Another trial has been funded by the GPCG concerning proof-of-concept
components
(http://www.gehr.org/gpcg/Components/pilot_software_components.htm) -
once again, yet another non-portable proprietary Microsoft component
architecture was chosen (ActiveX).
By choosing ActiveX and COM, reusability was severely limited,
reasonable portability made impossible, and long term value put at risk
through vendor lock in. There was absolutely no need for such
artificially restrictive choices: the same goals could have easily been
achieved by selecting an open and portable component model.

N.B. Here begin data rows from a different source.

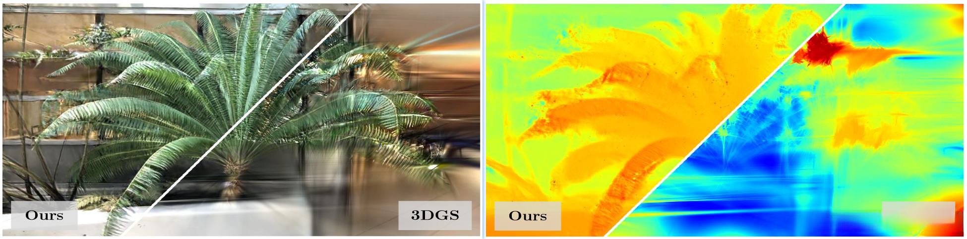 Our approach generates more accurate reconstruction outcomes than 3DGS by exploiting additional geometric cues. Our method generates stable geometry with superior performance in reconstruction quality compared to 3DGS.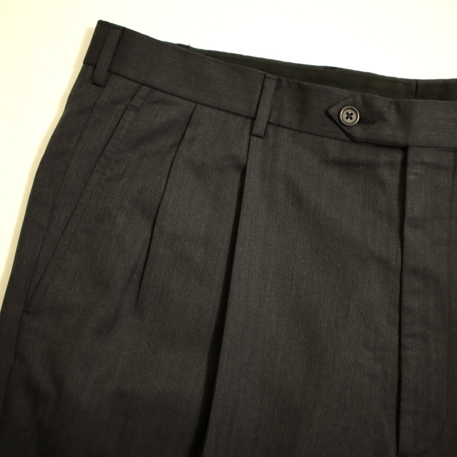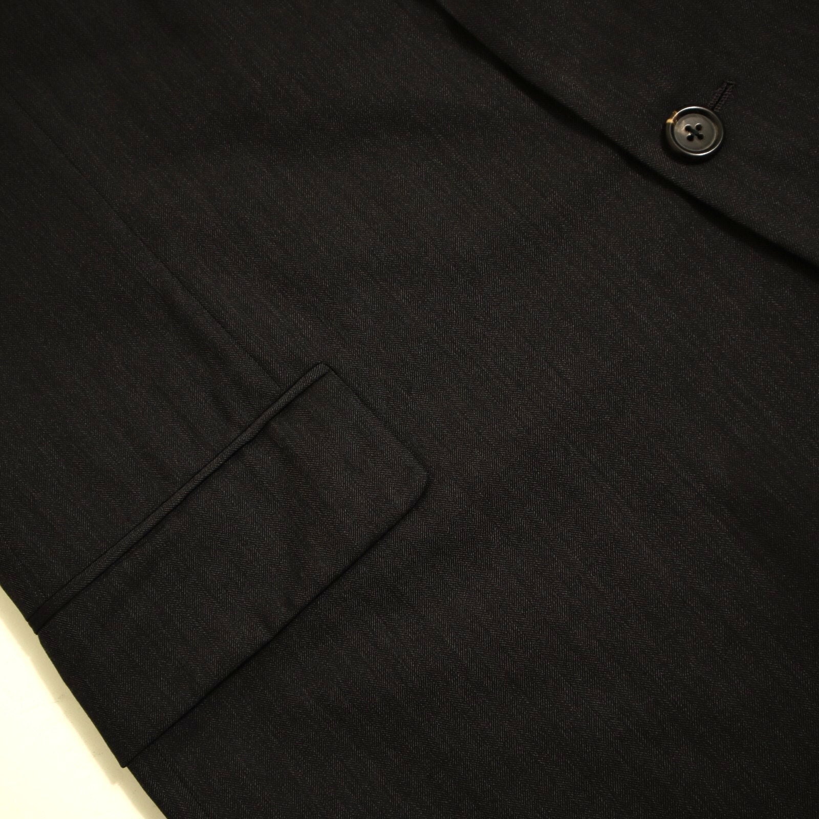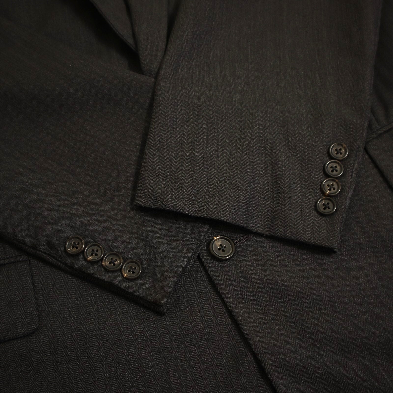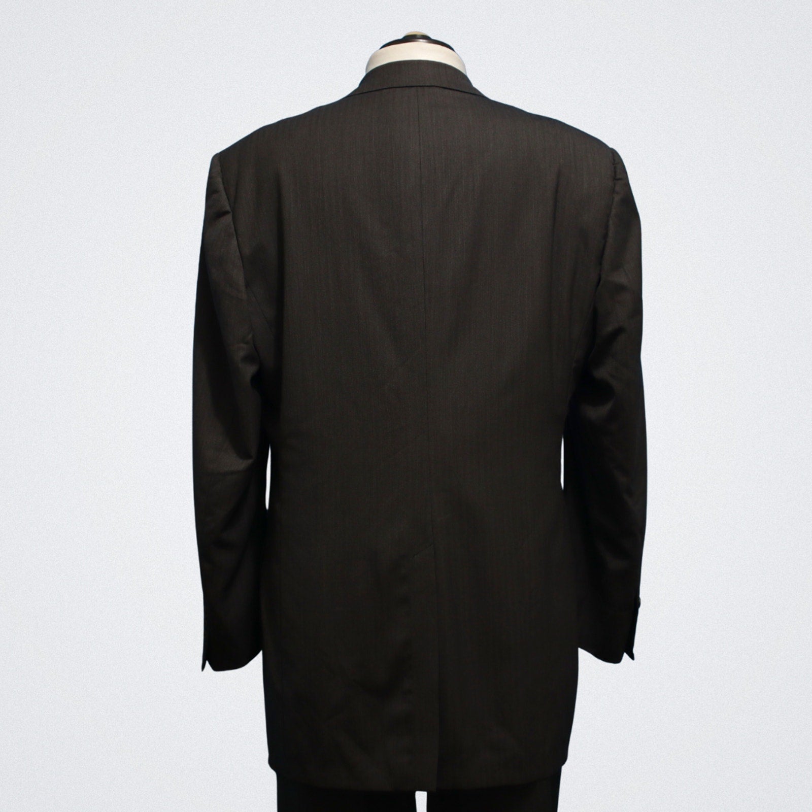 This suit is crafted with a classic 2 button, single-breasted design, featuring a single vented back for a more enhanced fit. The jacket is equipped with flap pockets and 4 cuff buttons on each sleeve. The rich fabric is woven in a beautiful mini herringbone gray and is composed of wool, ensuring both luxury and comfort. The interior is fully lined. Because of the nature of pre owned clothes, measurements can change over time. Please note measurements.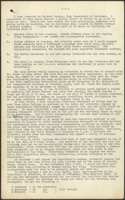Before deciding on the route for the all-weather road from Darwin to Adelaide River, the NSW Dept of Main Roads commissioned Adstra Airways of Mascot, Sydney to photograph the area between Adelaide River and Warlock, some 800 square miles or 207,199 hectares. This aerial survey was needed to quickly find the best route for the road across the rivers and creeks in the area. Based at Pine Creek aerodrome, pilot Norman Rodini and cameraman Peter Paynes photographed the area from 17 June to 7 July 1941.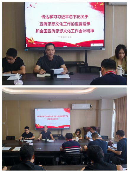 10月17日上午,学生处党支部在科技信息楼北1209党员活动室召开专题学习会,组织支部全体党员学习习近平总书记关于宣传思想文化工作的重要指示、全国宣传思想文化工作会议精神和习近平总书记给中国人民公安大学在读英烈子女的重要回信精神。会议由支部书记蔡斌主持。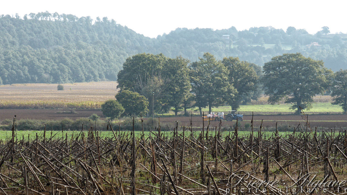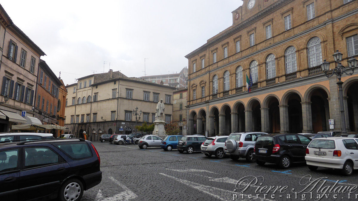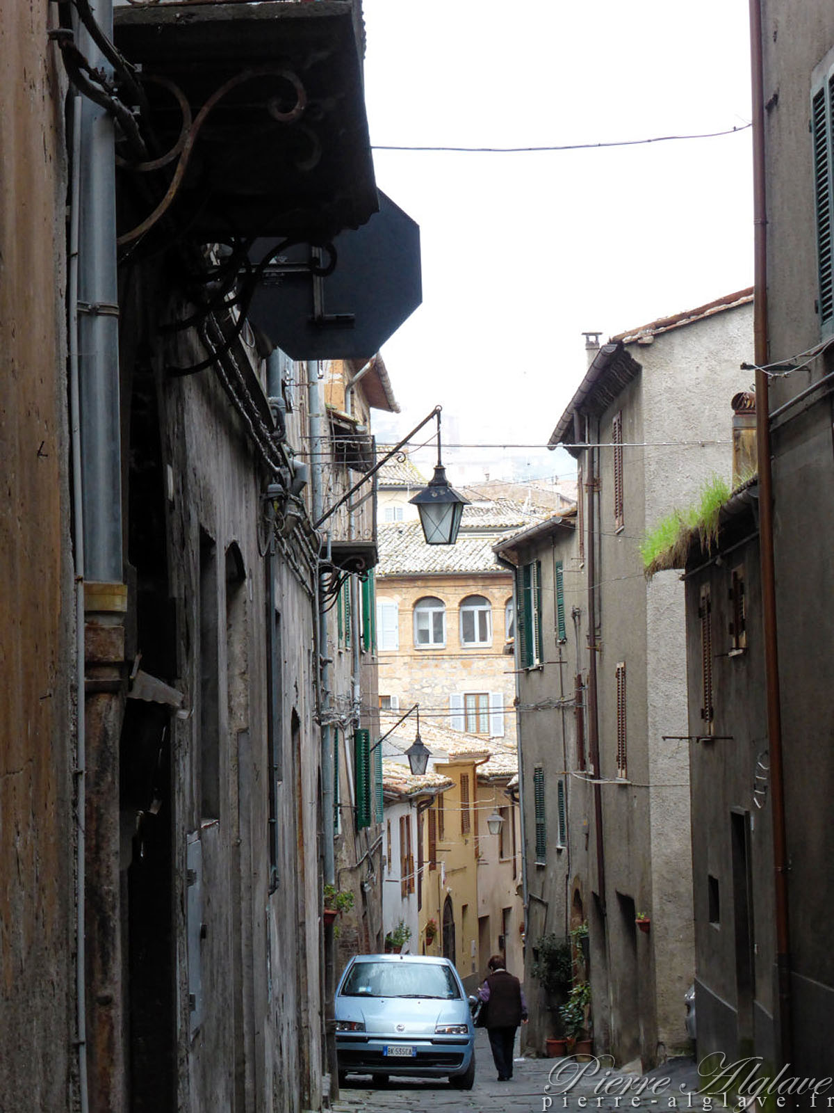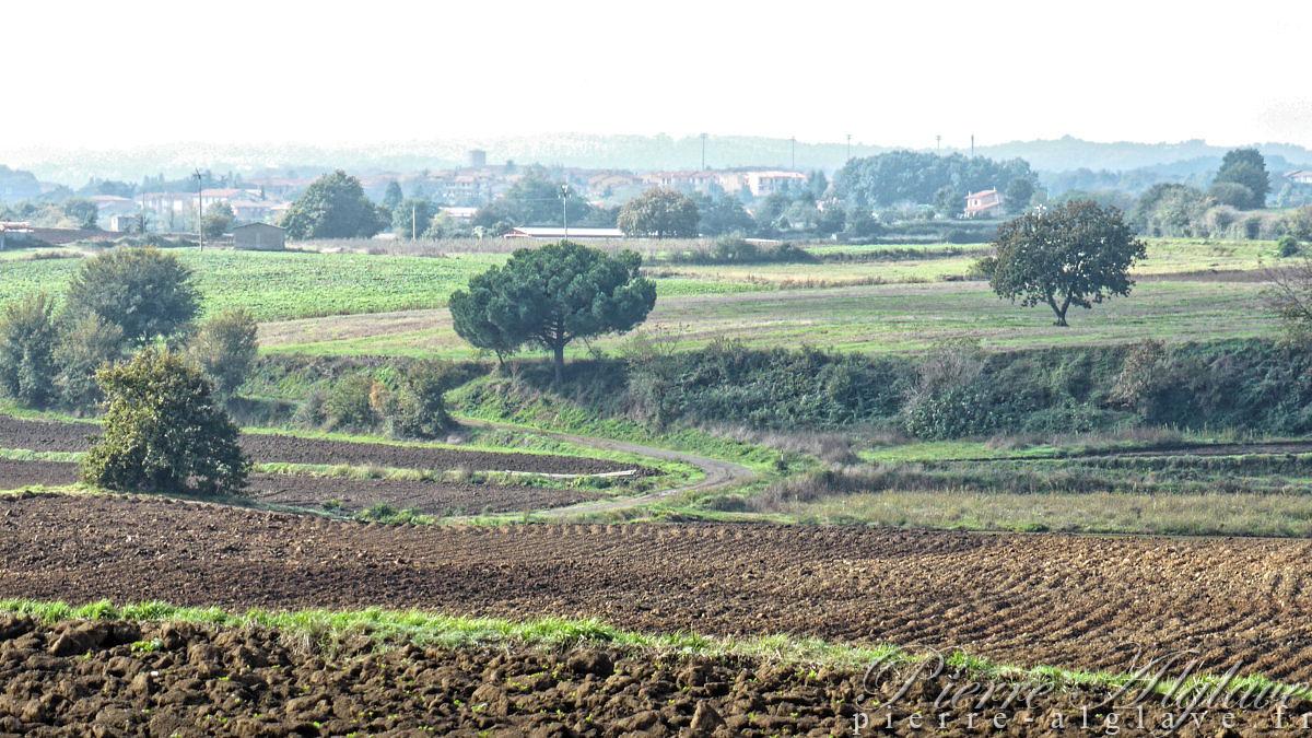 On est désormais à l’heure d’hiver, il neuf heures. Je quitte Acquapendente direction Bolsena à une vingtaine de kilomètres. Ce matin j’ai pris mon petit-déjeuner dans un bistrot avec un patron très sympathique même s’il était nul en informatique : le wifi était en panne, mais, d’après lui, seul son fils absent aurait su le réactiver. Avant de prendre la route j’ai refait un petit tour dans la ville qui cette fois, est-ce la brume ambiante, m’a parue triste : rue étroites et désertes, maisons aux couleurs ternes… Il fait un peu frais, mais je suis juste en chemisette et gilet, je compte sur la marche pour me réchauffer. Il y a quelques jours j’avais un problème au genou droit et je craignais le pire, mais bizarrement il a totalement disparu.

TB: Again, these choices were due to availability of donated resource,
mainly by the DSTC. You get what you pay for. Whether reusability was
required or achieved has not been investigated to my knowledge - how was
this conclusion drawn?
By choosing non-standard and/or non-portable programming languages like
Visual Basic or Delphi or a proprietary Eiffel dialect along with
proprietary tool chains
TB: my personal choices are always high-quality, portable languages. The
languages which were actually used depended heavily on what software the
project was required to interface to, and the availability of human
resources in an environment of very limited funding.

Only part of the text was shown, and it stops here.